According to MCL 552.602 “support” is defined as “the payment of money for a child or a spouse ordered by the circuit court, whether the order is embodied in an interim, temporary, permanent, or modified order or judgment. Support may include payment of the expenses of medical, dental, and other health care, child care expenses, and educational expenses”. In addition, generally speaking, expenses like clothing, food, haircuts, shelter (i.e. mortgage/rent, utilities, etc.) etc. are intended to be covered by child support. Also, there are provisions in every child support order to account for uncovered or extraordinary medical bills and each party pays his/her percentage of such expenses (i.e. braces, co-pays, deductibles, etc.).

Unfortunately, Michigan law doesn’t specifically tell us whether expenses for extra-curricular activities like sports, dance, clubs, etc. are covered by child support. For that reason, many divorce judgments will include a provision that defines how the parties will pay for extra-curricular activities particularly if the children are involved in such activities at the time of the divorce. These costs may be split in some fashion or born by one party. If there is no provision in the judgment and the custodial parent can’t afford to sign a child up for a certain activity (i.e. the child support is not enough), then he/she would have to get an agreement with the other parent to split the cost. Also, since most parents have joint legal custody, both parents must agree that the activity is appropriate for the child.

If you are the payor or the person paying child support (remember, in today’s world, it’s not always the husband that pays. . .but that’s a discussion for another blog post) pursuant to a custody order contained in a divorce judgment or custody agreement, you should be aware of your rights. Most cases opt to utilize Friend of the Court services so that the payments go directly from the payor’s pay check, through the Michigan Disbursement Office and deposited into the payee’s bank account. Friend of the Court can also assist parties when they have parenting time disputes but whether to pursue such a matter on your own is something you must think seriously about because a family law attorney (i.e. me!) will follow proper procedure and assist you in putting your best foot forward. In addition, by law, you get a free review of child support every 36 months and you don’t have to use a lawyer.

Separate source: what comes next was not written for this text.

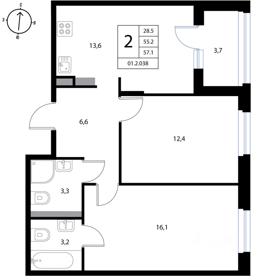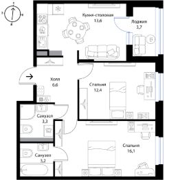 Продаётся 2-комнатная квартира в строящемся доме (Дом 1), срок сдачи: II-кв. 2026, общей площадью 57.1 кв.м., на 3 этаже. Новый жилой комплекс "Экография" от застройщика "ОХТА Групп - Петергоф" расположен по адресу Ленинградская область, Ломоносовский район, Низинское сельское поселение, деревня Ольгино.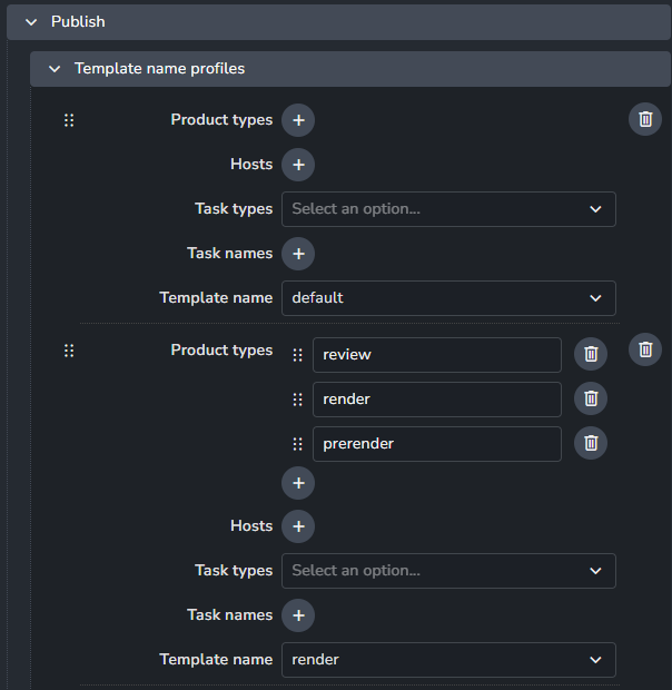 For example for render profile you might want to publish and store assets in different location (based on anatomy setting) then for publish profile. Profile filtering is used to select between appropriate template for each context of published products.

So, one of the options you should consider if you’re falling behind in your child support is to seek a modification of your child support in hopes that the payment will go down. In my experience as a family law attorney, it is much better for the payor who is falling behind in child support to be proactive. If you can’t afford an attorney, you can still use Friend of the Court forms to file a motion for a reduction. But, remember, there is no guarantee you will prevail and an attorney will have the expertise to assist you in formulating a game plan. Most judges understand that people do fall on hard times so even if you can’t get child support reduced, an attorney can effectively advocate an appropriate arrangement so you can pay back the arrearage.

When pursuing an increase or reduction in your child support, the court will look at 3 primary factors: over night parenting time and the income of each of the parties. Many individuals pursue child support modifications without using an attorney. Sometimes it works but often it fails. The reason is, an attorney will advocate on your behalf. For example, if you’re the recipient of child support and your ex-spouse is not exercising his/her parenting time, your attorney will make appropriate arguments, present evidence, etc. to support the utilization of a lower number of over nights which may increase the child support you receive.